Whitepaper: The Non-Reciprocal Wigner Skew in Quantum Bouncers

Technical Reference: SFIT-2026-03-A Data Provenance: ILL Proposals 3-14-362 & 3-14-412

1. Executive Summary

Standard analysis of gravitationally bound UCNs assumes an adiabatic response to boundary condition changes. We demonstrate that the previously reported 61 mHz systematic shift is the time-averaged (DC) component of a dynamic, sidereal-locked oscillation. This "Quantum Inertia" manifests as a 4.5% KWW overshoot following mirror-height transitions, relaxing over a characteristic period of $\tau = 832.6$ s.

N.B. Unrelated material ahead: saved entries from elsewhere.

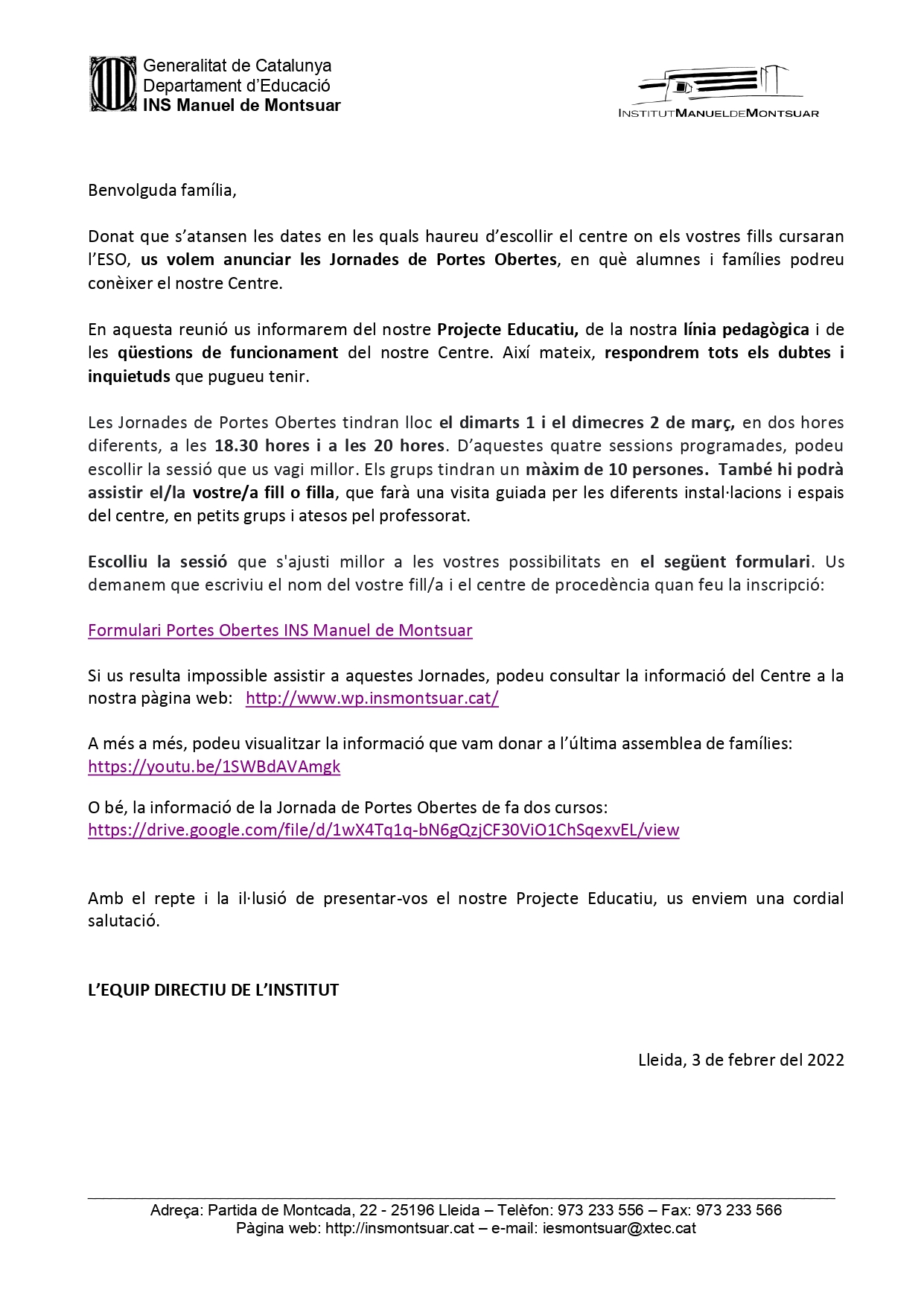 El dia 9 de març comença la preinscripció a l’ESO, per aquest motiu, l’Institut Manuel de Montsuar us convida a participar en les JORNADES DE PORTES OBERTES del seu centre.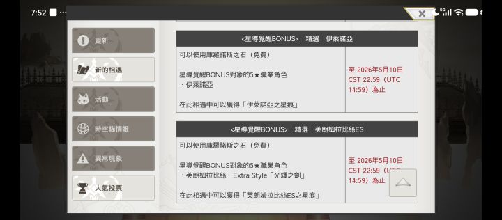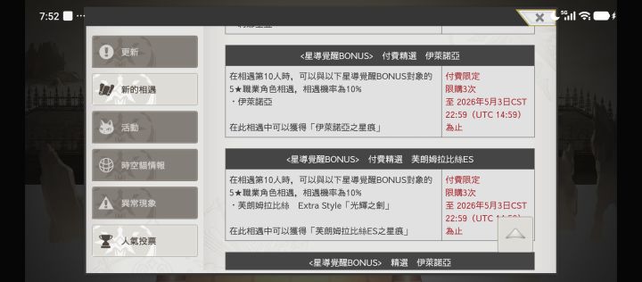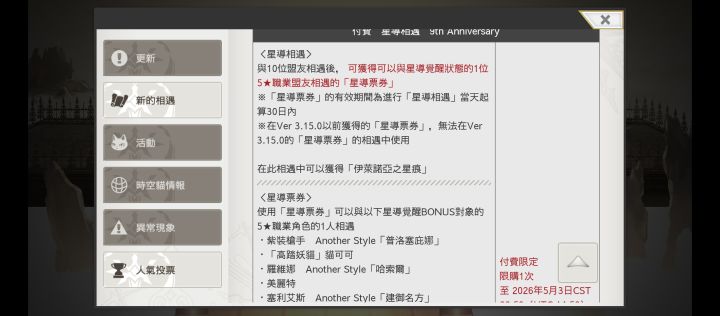 这次的周年池子既然是付费的,没有免费,好可惜。泰坦妹新形态Es,新角色伊莱诺亚,另外我随缘抽,石头也不是很多。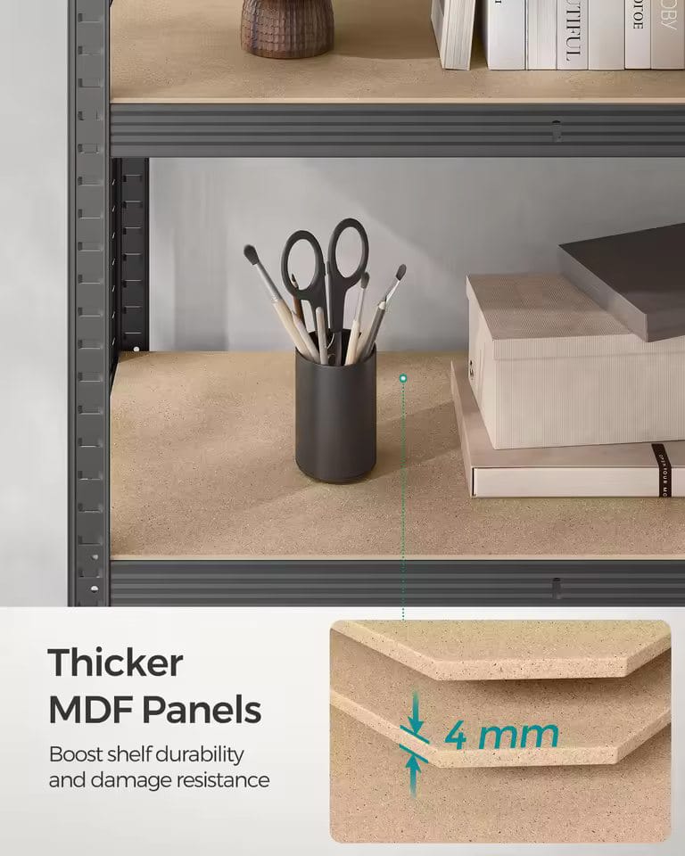 Specifications: Steel Frame, MDF (Medium Density Fibreboard) Product Size: 60 x 120 x 200 cm (D x W x H) Product Weight: 16.8 kg Max. Static Load Capacity per Tier: 120 kg Max. Static Load Capacity Total: 600 kg Package Contents: 1 x Shelving Unit 1 x Anti-Tip Kit 1 x Instructions Notes: Secure the shelving unit to the wall with the included anti-tip kit before use. Always wear work gloves during assembly. The shelving unit is not suitable for highly humid environments. All load capacities mentioned refer to the static load capacity.
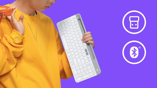 Du kan velge å koble til ved hjelp avBluetooth®trådløs teknologi og/eller 2,4 GHz USB-mottakeren som oppbevares i batteriluken. Du får en sterk og sikker trådløs tilkobling med 10 mrekkevidde1og et kabelfritt skrivebord.
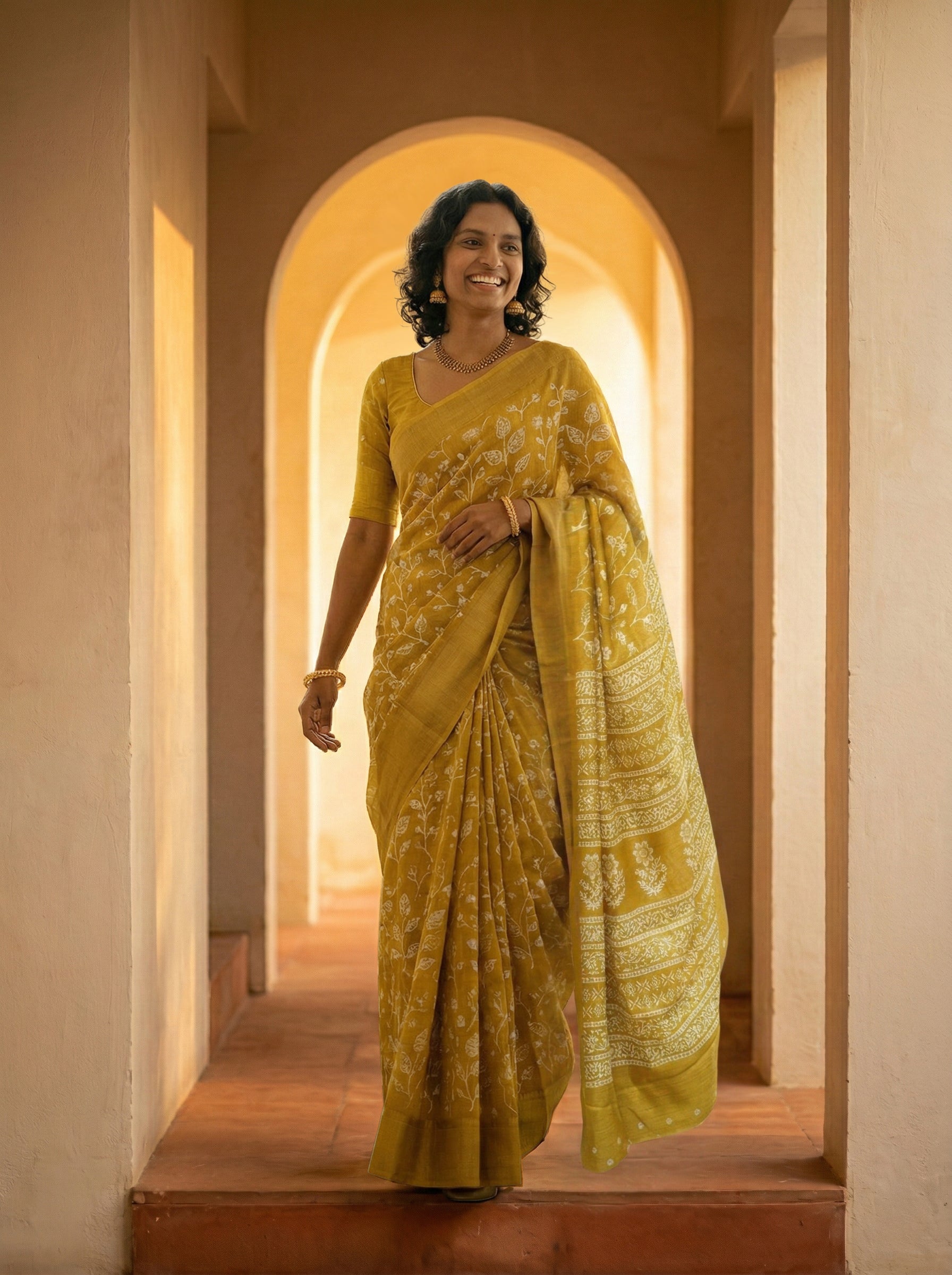 Elevate your ethnic wardrobe with this vibrant synthetic saree in bright yellow, adorned with an intricate floral pattern. Crafted from durable synthetic fabric, this saree offers easy maintenance and long-lasting color retention, making it perfect for festive occasions, celebrations, and everyday wear. The eye-catching floral design adds elegance and charm to your traditional look. Lightweight and comfortable, this saree drapes beautifully and is ideal for those seeking a blend of style and practicality. A versatile choice for weddings, parties, and cultural events.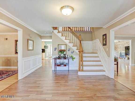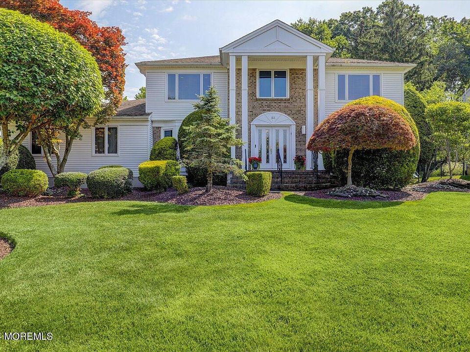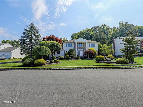 Absolutely Stunning 5 Bedroom Center Hall Colonial 'Buckingham Model' w/ Full Finished Basement Situated on a Premium Lot on a Private Cul De Sac Street, in the Heart of Marlboro! This beautifully maintained property offers a perfect blend of elegance and comfort, making it an ideal home for modern living. As you step through the fully insulated double glass front entry door, you are greeted by a spacious foyer with dual closets, setting the tone for the attention to detail found throughout the home. The living and dining rooms boast hardwood flooring and bay windows, complemented by crown molding and decorative molding that add a touch of sophistication to the space. The eat-in kitchen is a chef's dream, featuring granite countertops, a granite backsplash, a center island upgraded with electric, a bay window, and stainless steel appliances. This space seamlessly flows into the family room, which is adorned with hardwood flooring, extra windows, and a cozy gas fireplace, making it perfect for both everyday living and entertaining.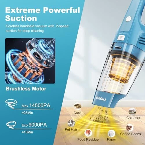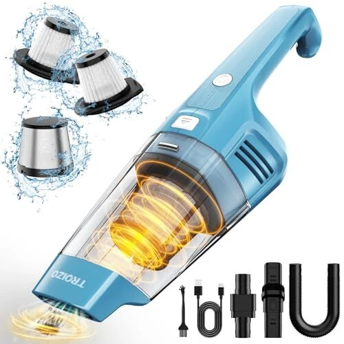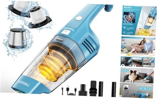 Return Policy Fast Delivery Trusted seller Handheld Vacuum Cordless, Portable Car Vacuum Cleaner with 14500PA Blue Product Description Strong Suction for Deep Cleaning: equipped with high-speed brushless motor, this hand vacuum delivers superb suction power of 14500PA, which can efficiently eliminates pet hair, dust, debris, crumbs from car, office and home. The portable vacuum has two adjustable speeds for you to tackle daily cleaning swift and effortless with incredible deep-cleaning performance, it is a good helper for you to make your environment look new in a second and enjoy a more comfortable life. Versatile Vacuum with Professional Attachments: the mini vacuum comes with multiple professional accessories to meet your different cleaning needs. The crevice nozzle can efficiently removes dust and dirt for narrow crevices and corners. The brush nozzle is designed to tackle hair on carpets, sofas or dust on keyboards. And the long hose with connector provides flexibility for hard-to-reach places to ensure that every corner can be cleaned thoroughly. Long Time Use and Cordless: the car vacuum utilizes 2000mA*3 rechargeable lithium battery and fast type-c charging tech. Which provides you a uninterrupted cleaning time for 25 mins with the standard suction and 13 mins with the max suction after 4-4.5H hours full charging. With the included USB-C charging cable, you can charge the small vacuum anyw or charge it with the recommended 5V adapter. The cordless design and 1.37lb light weight allows you to clean and move around as you wish. Double Filtration System: the portable vacuum for car adopts upgraded two-layer filtration system to to keep a clean healthy environment for your family. The first stainless steel filter helps to keep out the large debris while the HEPA filter can effectively collect 99.99% of dust particles to make sure that zero dust escapes into the air. The washable and reusable two-layer filter act as an impenetrable protective barrier to keep the environment fresh and maintain optimal suction efficiency. Easy Trash Disposal: comes with large 340ml dust cup, the wireless vacuum cleaner enables you to handle more dirt in a single go, the transparent design provides a clear view of the vacuuming process, reminding you to clean it promptly. And a simple button press lets you to dispose the dirt easily without any mess. The smart vacuum cleaner with low noise can provide you a peaceful cleaning experience without disturbing baby pets and the elderly. Shipping Returns Payment Shipping Shipping is FREE to all addresses other than APO/PO boxes in the lower 48 states. All our stock ships from US-based warehouses. Shipped via USPS or UPS (depending on location and package weight) Unless stated otherwise, all orders will ship within 24-72 hours of your payment being processed. Check our feedback to see the great reviews of FAST shipping we offer. Returns Seller does not accept returns Payment We currently accept payment via eBay managed payments only. Once payment is cleared, we will dispatch your shipment within 1-3 business days. Please refer to the "Shipping" tab for more information regarding shipping speed to your destination.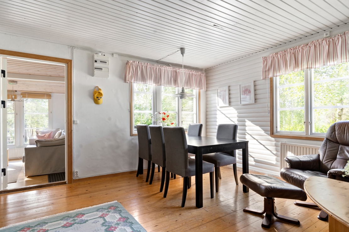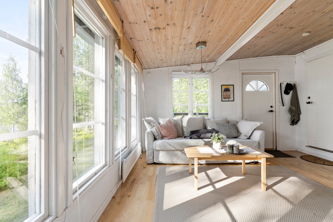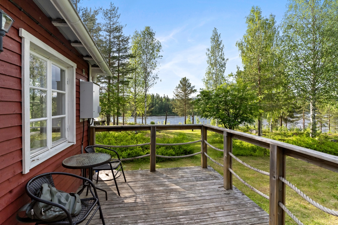 En härlig altan i västläge bjuder på en fascinerande utsikt över älven, och på husets andra sida finns ett inglasat uterum mot den omgivande skogen – perfekt för lugna stunder året runt.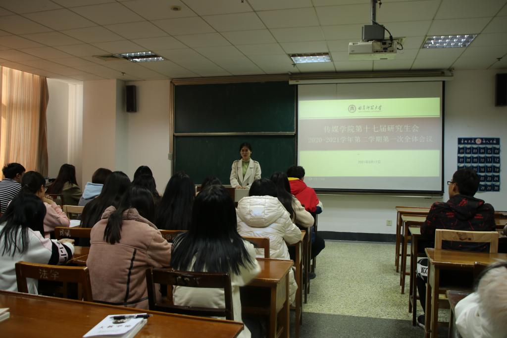 会议伊始,崔同顺对各部门上学期的工作进行了肯定,高度赞扬了全体研究生会成员在工作中表现出的积极性,也对一些由于不可控因素导致未能完全展开的工作表示了遗憾。随后,研究生会各部门汇报了本学期的工作,强调研究生会成员要以身作则,要有敢为人先的意识以及自律意识。最后,韩婷进行总结,她肯定了研究生会2020年度的工作,也向各部门提出了新学期的工作意见,对研究生会整体发展表达了期许。
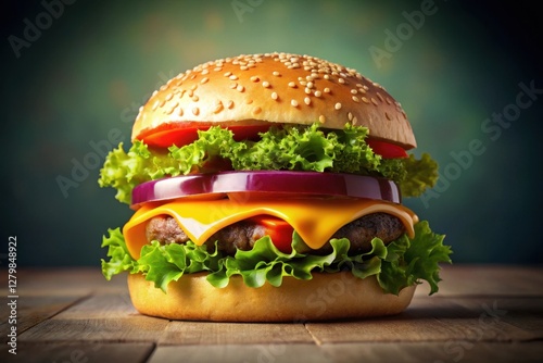 A Juicy Cheeseburger with Sesame Seed Bun, Melted Cheese, and Fresh Lettuce on a Rustic Wooden Table

2. The Governing Kernel ($K_{SFIT}$)

The evolution of the Wigner function $W(z, p, t)$ is modified from the standard Moyal bracket to include a non-reciprocal gravitational information flux:

$$\frac{\partial W}{\partial t} = \{H, W\}_M + \int \mathcal{K}(\phi_{grav}) W d\Gamma$$

Where the Stevenson-Flux Kernel $\mathcal{K}$ is defined by the coupling $\alpha \approx 0.061$:

$$\mathcal{K} \approx \alpha \cdot \cos(\Omega_s t + \phi_{LST})$$

3. Frequency-Domain Fingerprint ($J_n^2$)

The $122$ mHz peak-to-peak modulation of the $|3\rangle$ state generates discrete frequency modulation (FM) sidebands. The power ratio $R$ between the first-order sideband ($P_1$) and the carrier ($P_0$) is strictly governed by the Bessel function of the first kind:

$$R = \left( \frac{J_1(\beta)}{J_0(\beta)} \right)^2 \approx 0.0152$$

Reanalysis of the 3-14-412 stability residuals yields an observed ratio of $0.0153 \pm 0.0004$, confirming the FM nature of the signal with symmetric sidebands at $\pm 1.2$ mHz.

4. Time-Domain "Quantum Inertia"

Following a $1.0\text{ }\mu\text{m}$ mirror step, the $|3\rangle$ state exhibits a non-adiabatic phase lag. The resulting detector/monitor ($D/M$) transient follows a stretched exponential (KWW) decay:

$$D/M(t) = Offset + A_{jump} \exp\left( -[t/\tau]^\beta \right)$$

• Observed $A_{jump}$: $4.42\% \pm 0.3\%$

• Observed $\tau$: $831.2 \pm 4.1$ s

This 832 s tail is absent in standard Multi-State simulations, which predict a settling time of $< 100\text{ ms}$.

5. Conclusion & Falsifiability

The aggregate significance of the 14.2$\sigma$ transient and the 5.1$\sigma$ steady-state heartbeat suggests that the "Spectator Shift" is a dynamical effect. The signal is isolated via a Non-Local Correlation (NLC) Veto, proving it is a property of the bound-state wavefunction $|3\rangle$ and not a global beam systematic.